Stored dataset items:

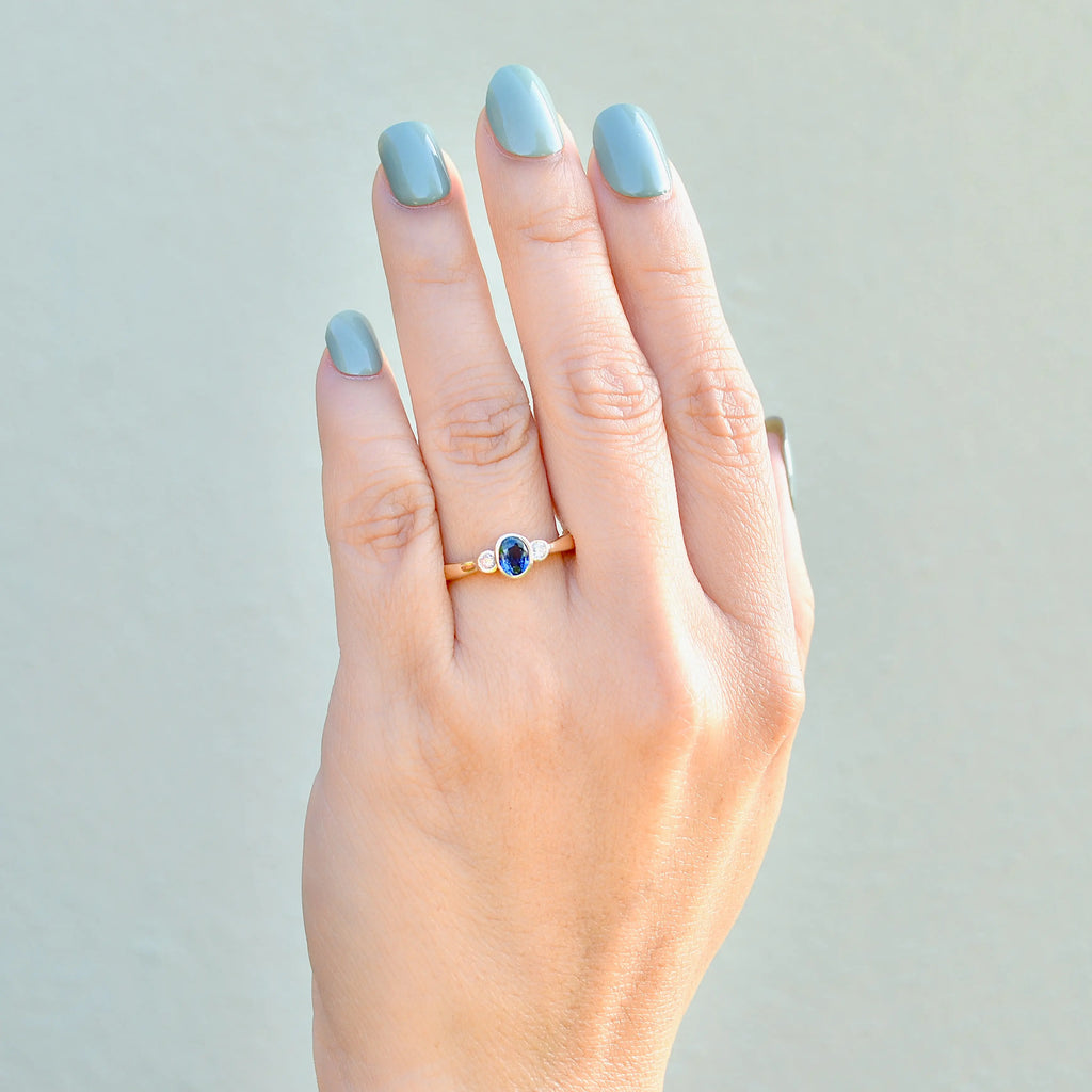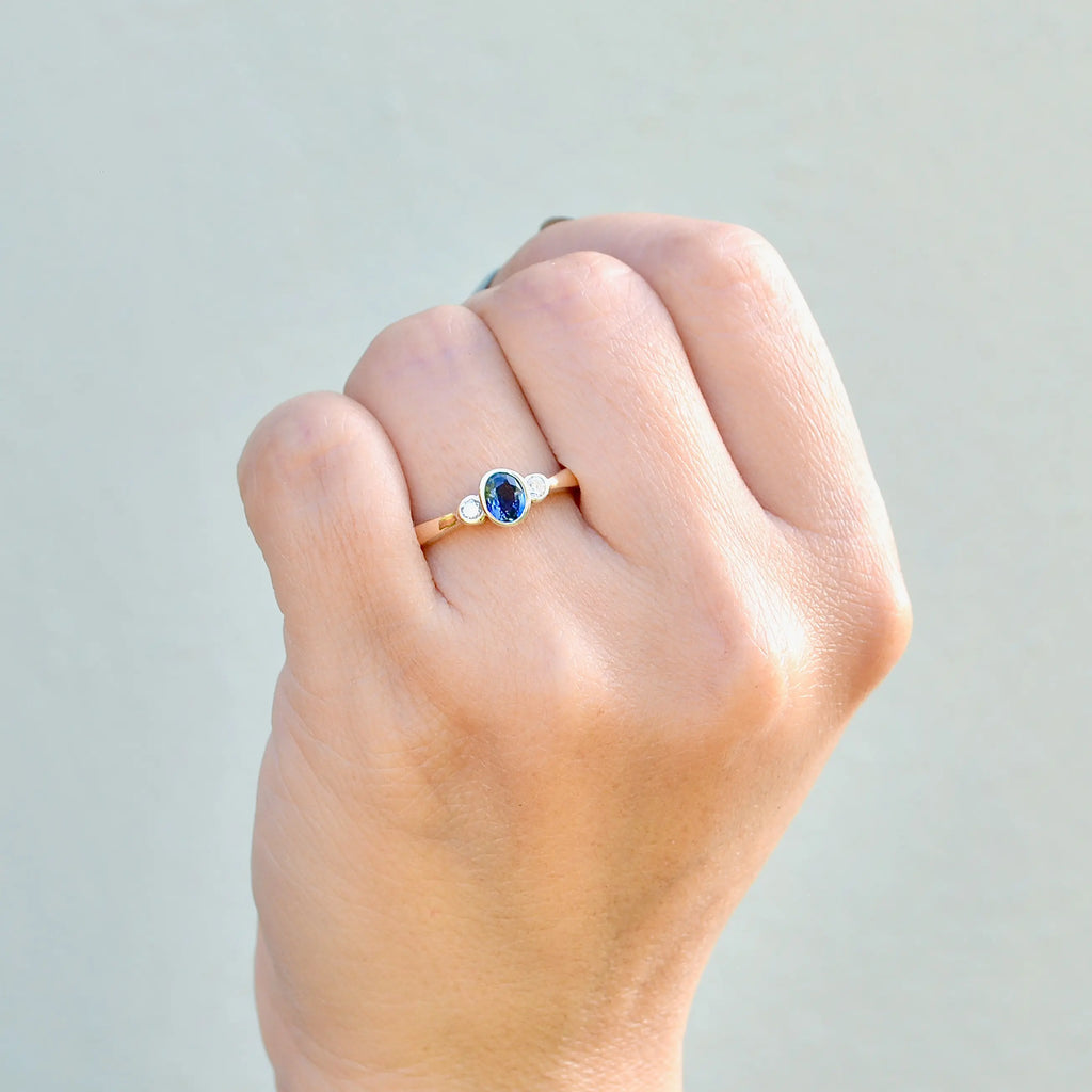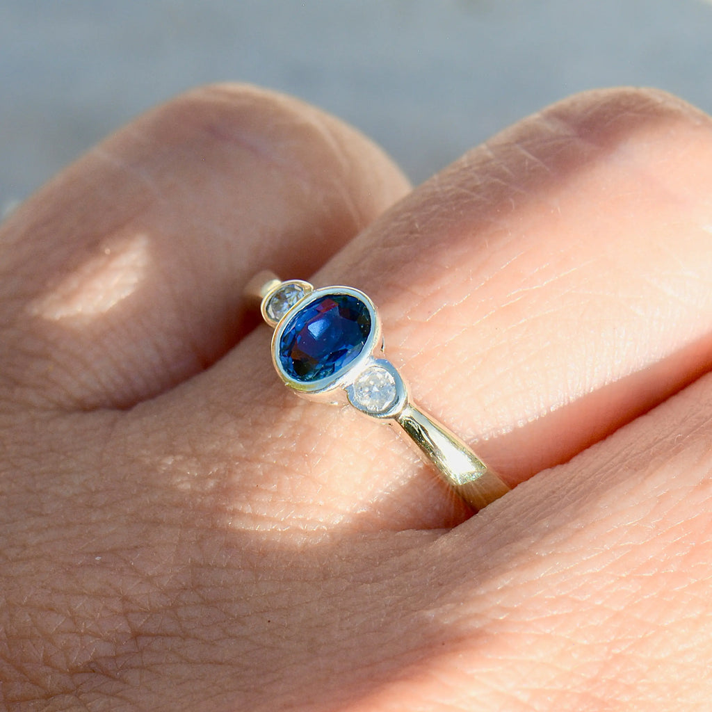 Crafted in 9ct yellow gold, the ring has a refined profile that sits comfortably on the hand, making it a wonderful choice as an engagement ring, anniversary piece or meaningful right-hand ring. The two natural diamonds add a touch of brilliance, beautifully complementing the sapphire while maintaining classic vintage charm.
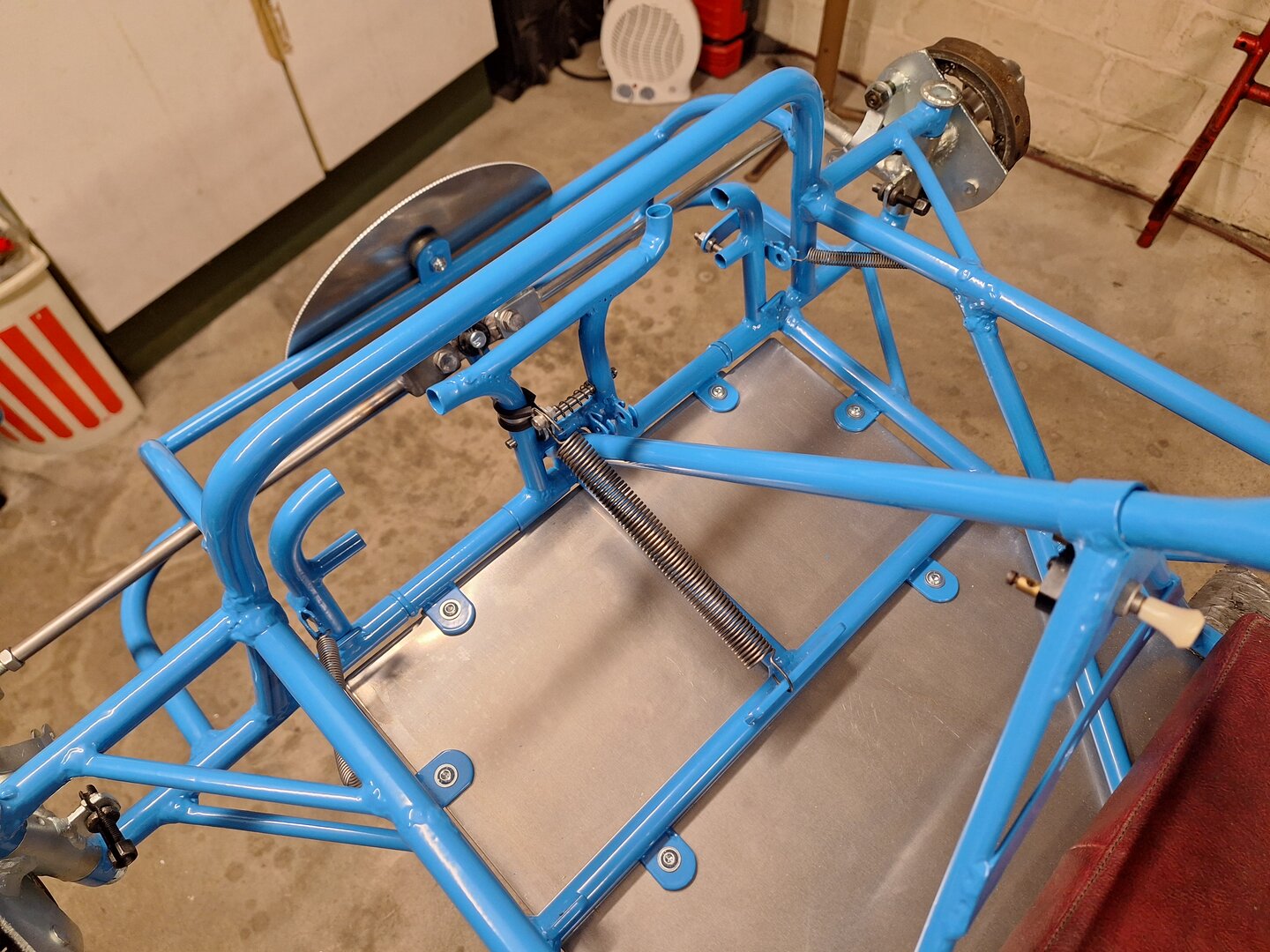 Leider geht's nicht so richtig vorwärts, die bestellten Sachen lassen auf sich warten. Lediglich paar Einstellschrauben für die Seilzüge lagen im Briefkasten. Also just die Gewindelöcher vom Pulver befreit,Einsteller verbaut und da das Bremspedal schon immer etwas entschleunigt zurück ging habe ich mir noch eine Federunterstützung ausgedacht. Die Adaption ans Pedal erfolgte über eine kleine Rohrschelle, an das Blech mit den Einstellschrauben kommt dann noch eine weitere Halterung ran, damit die Feder hoch genug ist und nicht mit den Seilzügen kollidiert. Weiter hab ich heute noch die hinteren Nummerntafeln angepasst und den Sitzbezug zur finalen Prüfung vorm Verkleben eingesetzt.
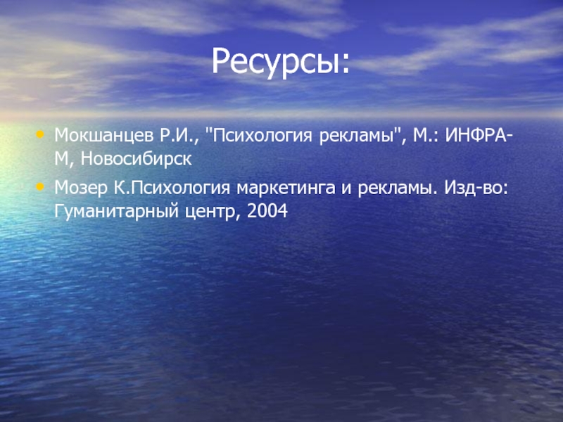 Мокшанцев Р.И., "Психология рекламы", М.: ИНФРА-М, Новосибирск
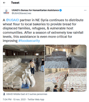 «یکی از همکاران آژانس ایالات متحدۀ آمریکا در شمال شرقی سوریه برای تأمین نان خانواده های آواره و پناهنده و انجمن های امداد رسانی به اشخاص ناتوان در حال پخش آرد گندم به نانوائی های محلی است. پس ازیک فصل هرج و مرج بی اندازه پر مشکل، این مدد رسانی بیش از همه برای بهبود امنیت غذائی حیاتی بود.»
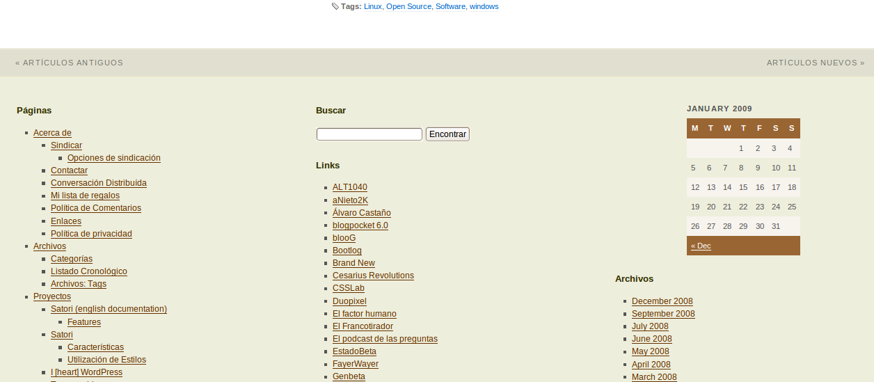 Satorii es un tema para WordPress 2.7 o superior, de estilo minimalista, sencillo y elegante, con un fuerte foco en los contenidos y la facilidad de lectura, con una columna de contenido y tres columnas en el pie de página.
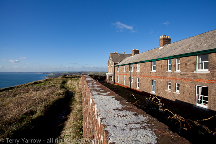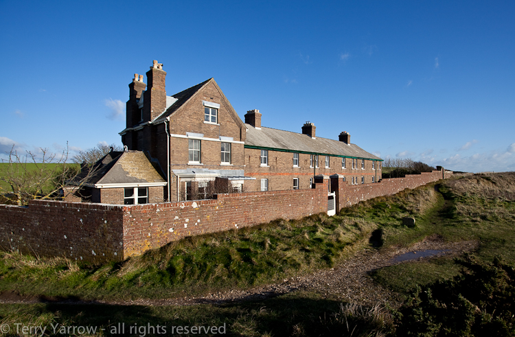 The cottages were built to house coastguards, with the nearest three story house being that of the captain and the other six cottages housing his men.  At one time, with wives and children, there were 44 people living in this short row of cottages.  They are well placed for the coastguards, simply because of the all round views.

Problem details
Each line of the records above must be repeated exactly, but no picture belongs in the copy.

The completed task
 Crafted in 9ct yellow gold, the ring has a refined profile that sits comfortably on the hand, making it a wonderful choice as an engagement ring, anniversary piece or meaningful right-hand ring. The two natural diamonds add a touch of brilliance, beautifully complementing the sapphire while maintaining classic vintage charm.
 Leider geht's nicht so richtig vorwärts, die bestellten Sachen lassen auf sich warten. Lediglich paar Einstellschrauben für die Seilzüge lagen im Briefkasten. Also just die Gewindelöcher vom Pulver befreit,Einsteller verbaut und da das Bremspedal schon immer etwas entschleunigt zurück ging habe ich mir noch eine Federunterstützung ausgedacht. Die Adaption ans Pedal erfolgte über eine kleine Rohrschelle, an das Blech mit den Einstellschrauben kommt dann noch eine weitere Halterung ran, damit die Feder hoch genug ist und nicht mit den Seilzügen kollidiert. Weiter hab ich heute noch die hinteren Nummerntafeln angepasst und den Sitzbezug zur finalen Prüfung vorm Verkleben eingesetzt.
 Мокшанцев Р.И., "Психология рекламы", М.: ИНФРА-М, Новосибирск
 «یکی از همکاران آژانس ایالات متحدۀ آمریکا در شمال شرقی سوریه برای تأمین نان خانواده های آواره و پناهنده و انجمن های امداد رسانی به اشخاص ناتوان در حال پخش آرد گندم به نانوائی های محلی است. پس ازیک فصل هرج و مرج بی اندازه پر مشکل، این مدد رسانی بیش از همه برای بهبود امنیت غذائی حیاتی بود.»
 Satorii es un tema para WordPress 2.7 o superior, de estilo minimalista, sencillo y elegante, con un fuerte foco en los contenidos y la facilidad de lectura, con una columna de contenido y tres columnas en el pie de página.
 The cottages were built to house coastguards, with the nearest three story house being that of the captain and the other six cottages housing his men.  At one time, with wives and children, there were 44 people living in this short row of cottages.  They are well placed for the coastguards, simply because of the all round views.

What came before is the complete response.